TASK OBJECTIVE:
Please output the lines from the one with "ミナミのかに道楽本店前、かにぽんとツーショット!!!" through the end of the data exactly as written, omitting all pictures.

DATA SECTION:
+++++
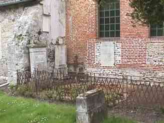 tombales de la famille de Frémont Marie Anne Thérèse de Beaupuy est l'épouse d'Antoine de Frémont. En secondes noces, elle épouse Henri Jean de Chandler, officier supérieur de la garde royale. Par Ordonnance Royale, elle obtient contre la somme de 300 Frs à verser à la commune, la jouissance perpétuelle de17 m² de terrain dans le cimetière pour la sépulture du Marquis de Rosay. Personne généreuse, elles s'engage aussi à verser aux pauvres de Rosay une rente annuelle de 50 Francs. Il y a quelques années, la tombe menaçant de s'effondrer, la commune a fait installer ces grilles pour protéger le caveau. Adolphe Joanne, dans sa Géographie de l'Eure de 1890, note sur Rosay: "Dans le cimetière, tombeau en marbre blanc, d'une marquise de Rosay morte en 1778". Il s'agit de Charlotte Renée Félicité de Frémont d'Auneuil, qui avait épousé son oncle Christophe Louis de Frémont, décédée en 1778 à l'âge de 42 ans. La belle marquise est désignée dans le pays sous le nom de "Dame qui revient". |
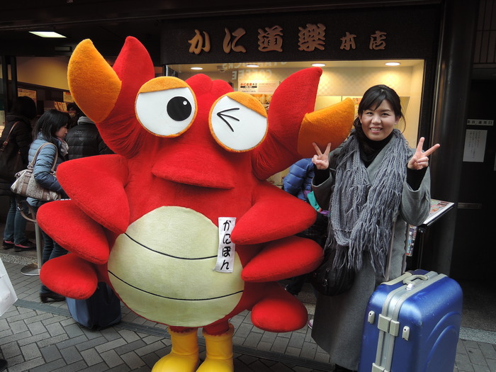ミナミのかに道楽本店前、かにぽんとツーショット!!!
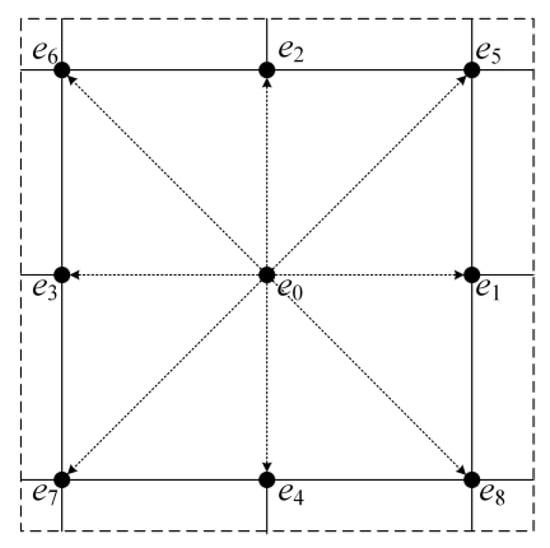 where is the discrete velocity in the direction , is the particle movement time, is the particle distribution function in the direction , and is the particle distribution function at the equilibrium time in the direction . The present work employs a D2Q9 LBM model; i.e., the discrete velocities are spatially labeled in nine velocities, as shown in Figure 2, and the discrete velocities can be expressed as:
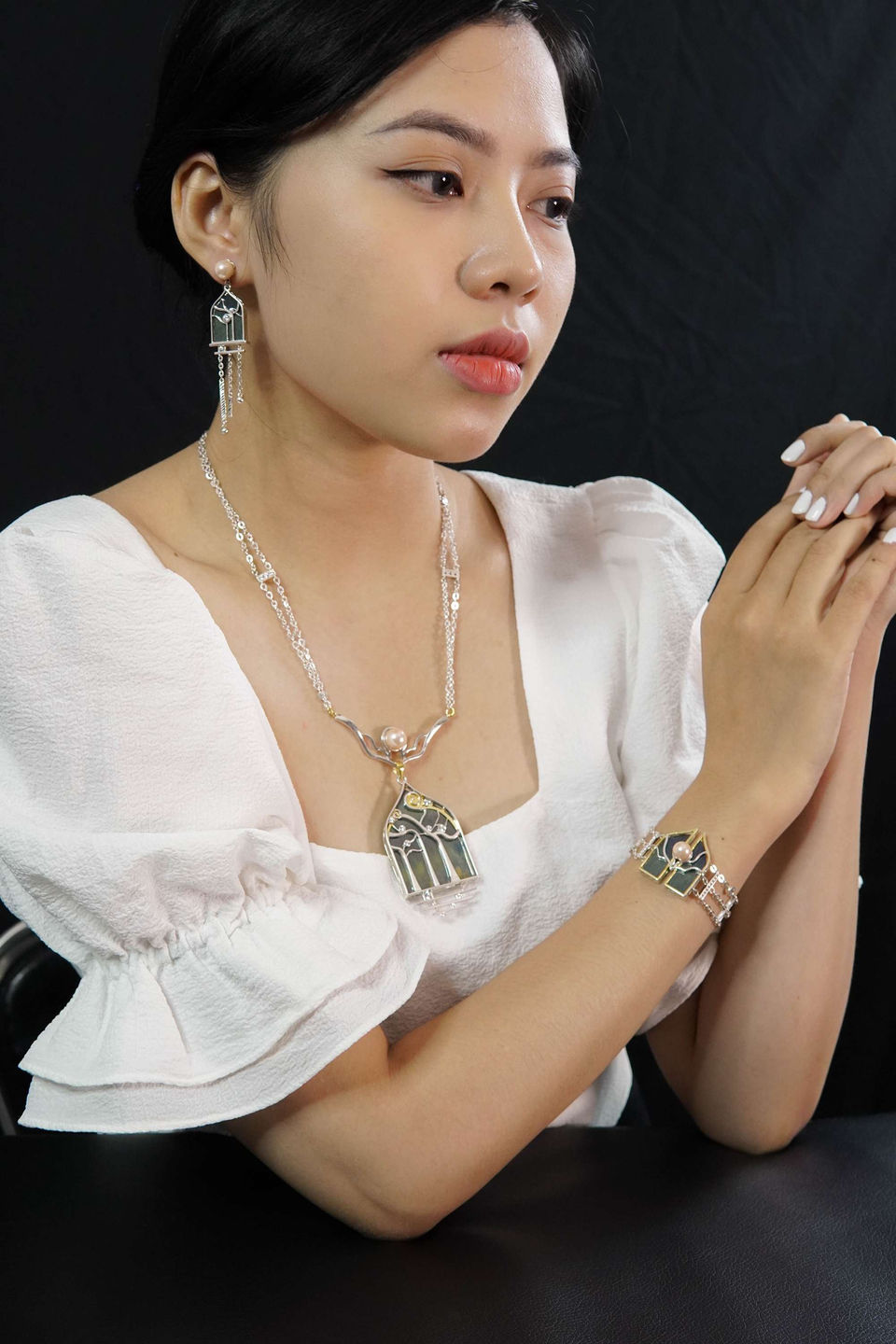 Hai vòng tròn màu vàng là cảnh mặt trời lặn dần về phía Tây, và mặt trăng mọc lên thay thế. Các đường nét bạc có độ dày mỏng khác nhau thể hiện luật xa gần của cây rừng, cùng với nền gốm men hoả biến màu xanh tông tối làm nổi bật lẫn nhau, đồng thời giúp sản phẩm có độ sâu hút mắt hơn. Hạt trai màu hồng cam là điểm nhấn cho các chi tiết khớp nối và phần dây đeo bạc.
+++++
ANSWER:
ミナミのかに道楽本店前、かにぽんとツーショット!!!
 where is the discrete velocity in the direction , is the particle movement time, is the particle distribution function in the direction , and is the particle distribution function at the equilibrium time in the direction . The present work employs a D2Q9 LBM model; i.e., the discrete velocities are spatially labeled in nine velocities, as shown in Figure 2, and the discrete velocities can be expressed as:
 Hai vòng tròn màu vàng là cảnh mặt trời lặn dần về phía Tây, và mặt trăng mọc lên thay thế. Các đường nét bạc có độ dày mỏng khác nhau thể hiện luật xa gần của cây rừng, cùng với nền gốm men hoả biến màu xanh tông tối làm nổi bật lẫn nhau, đồng thời giúp sản phẩm có độ sâu hút mắt hơn. Hạt trai màu hồng cam là điểm nhấn cho các chi tiết khớp nối và phần dây đeo bạc.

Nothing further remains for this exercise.